The malware may also be able to terminate a process used in running industrial control systems, Krotofil noted that the report said.
“Termination of a process can certainly lead to the termination of a software application functionality—in this case, it could be remote connectivity to substations,” Krotofil said.
“These processes can potentially also belong to proprietary software of local Ukrainian producers,” she added, and pointed to these links:
Finally, she highlighted that the report said “the binary of the SSH server actually contains a backdoor,”
“Again, this gives hackers permanent access to infected computers, and hackers could then interfere with the telemechanic system, as was stated in the initial report about the accident on the national television,” she said.
However, Krotofil said this is just brainstorming on possibilities.
“We know too little details about what has exactly has happened to say anything for certain,” explained Krotofil.
Other cybersecurity researchers say this analysis may not be correct.
“Many researchers and companies are pointing to the termination of certain processes as tailoring to the ICS (industrial control systems) environment. I believe that analysis to be premature,” said Lee.
Cyber investigators are looking for a key clue, the one that could explain exactly how an attack might have happened.
One of the areas of focus is SCADA, the all-important ‘supervisory control and data acquisition’ system that allows people to remotely monitor and control equipment, including equipment that helps run the grid.
“We’re missing any pieces that have a SCADA-specific component,” said Toecker.
If KillDisk did compromise the SCADA system, that still doesn’t completely explain the blackout, said Lee.
“The SCADA system is a supervisory system,” Lee said to Archer News. “It is not good for the SCADA system to go out, and over time there will be problems, but it does not mean that the power instantly goes out.
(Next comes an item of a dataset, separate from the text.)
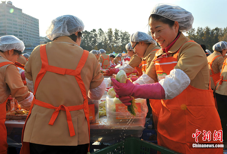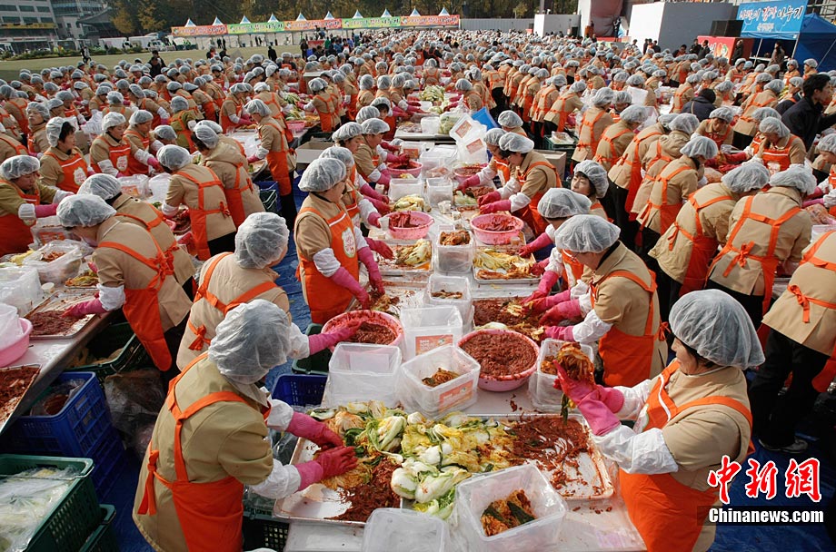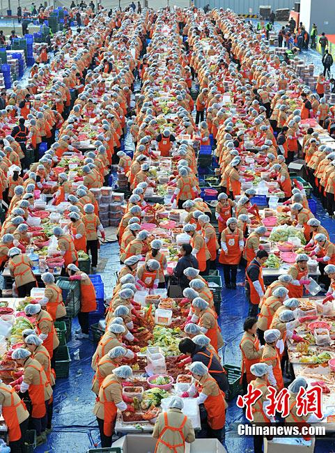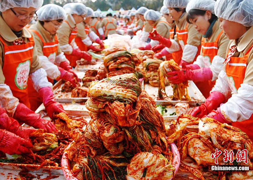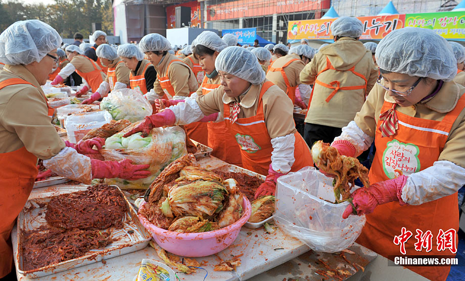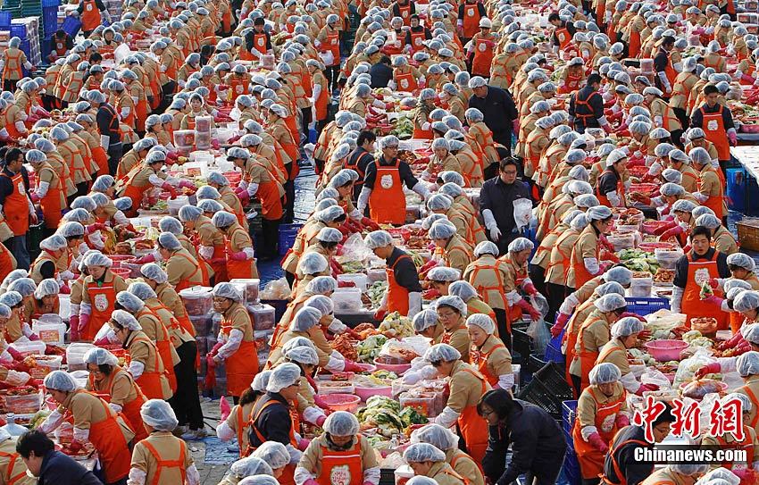 11月16日,幾千名韓國(guó)市民聚集首爾廣場(chǎng),腌制總共12萬(wàn)顆白菜泡菜,贈(zèng)給低收入家庭。泡菜是韓國(guó)最不可或缺的食物,冬季漸近,腌制白菜泡菜更成為韓國(guó)人生活中一件大事。

And the narrative that KillDisk caused the impact is not consistent with the evidence presented so far surrounding the events.”
Outage or no outage
Some experts say cyber attackers don’t need to actually cause an outage to cause problems for energy companies. They say the Ukraine attack may show that hackers can cause damage, even if the lights stay on.
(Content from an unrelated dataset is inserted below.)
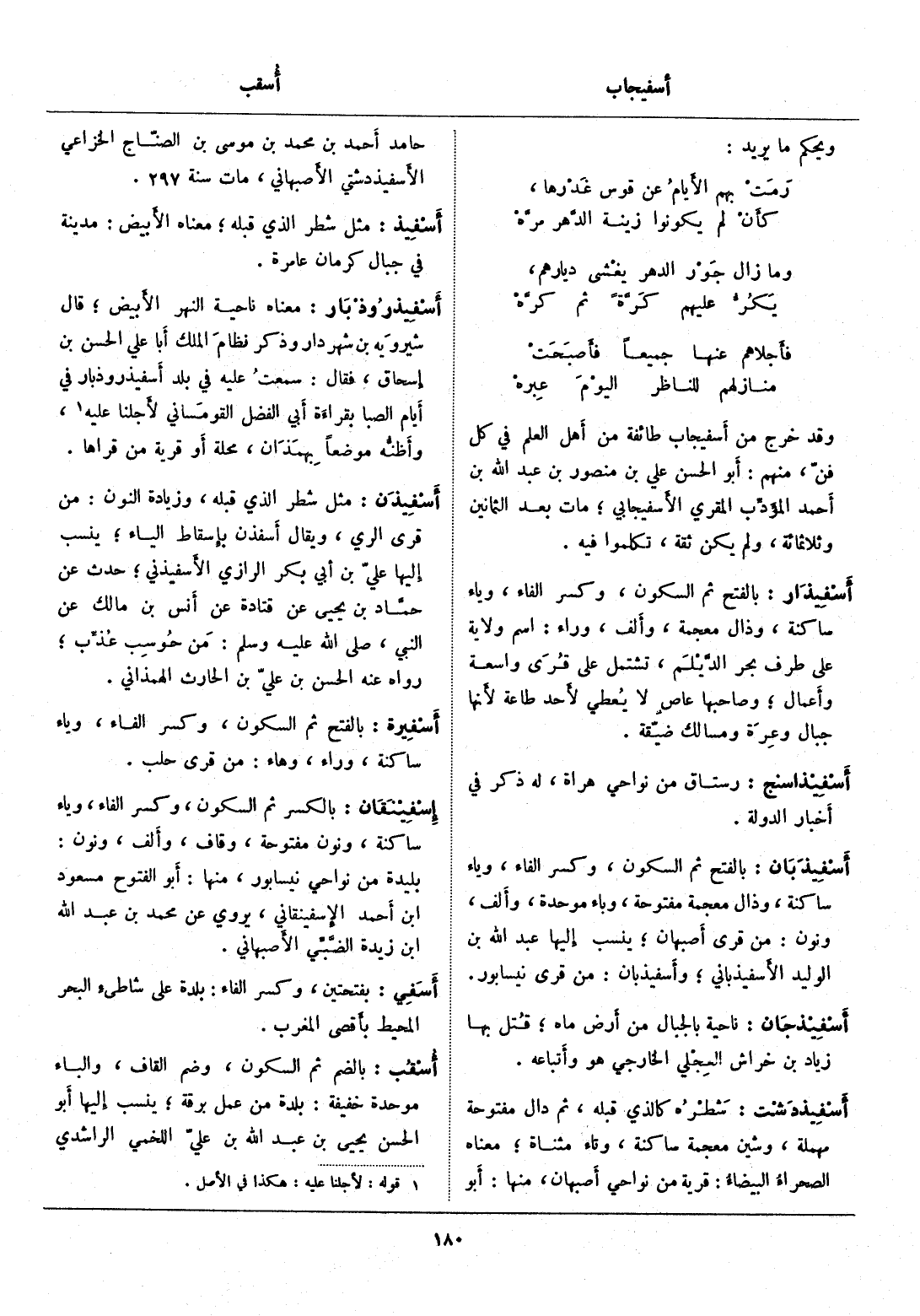 مثل شطر الذي قبله، وزيادة النون: من قرى الري، ويقال أسفذن بإسقاط الياء، ينسب إليها عليّ بن أبي بكر الرازي الأسفيذني، حدث عن حمّاد بن يحيى عن قتادة عن أنس بن مالك عن النبي، صلى الله عليه وسلم: من حوسب عذّب، رواه عنه الحسن بن عليّ بن الحارث الهمذاني.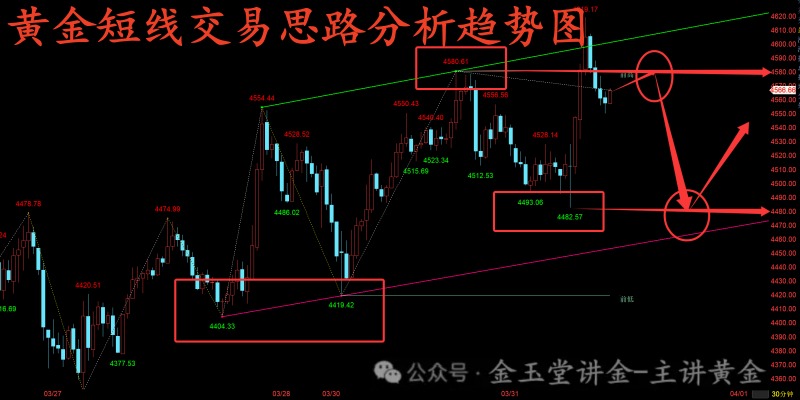3、欧盘金价如果再度二次试探上方4580-4620关口压制但还是难以站稳,那么我们短线也可以考虑轻仓做空一波,等待行情承压回调再看下方4500-4480附近支撑在考虑做多就行(短线行情难破可考虑布局的思路)

“There are parts that if you break them, you are in a lot of trouble — 6 to 12 months of trouble,” said James Arlen with Leviathan Security Group.
“Losing your HMI’s (human machine interfaces) and having to rebuild them is a big impact,” said Patrick C. Miller with Archer Security Group. “That’s significant time lost, temporary degraded capability while you operate in a manual mode, and you will always wonder if you really got all of the malware out—do they still have any code or even possibly a command and control path?”
“We need more evidence. We can only hope they have enough forensic evidence to piece it all together—and that the attackers didn’t do a good job of covering their tracks,” Miller said.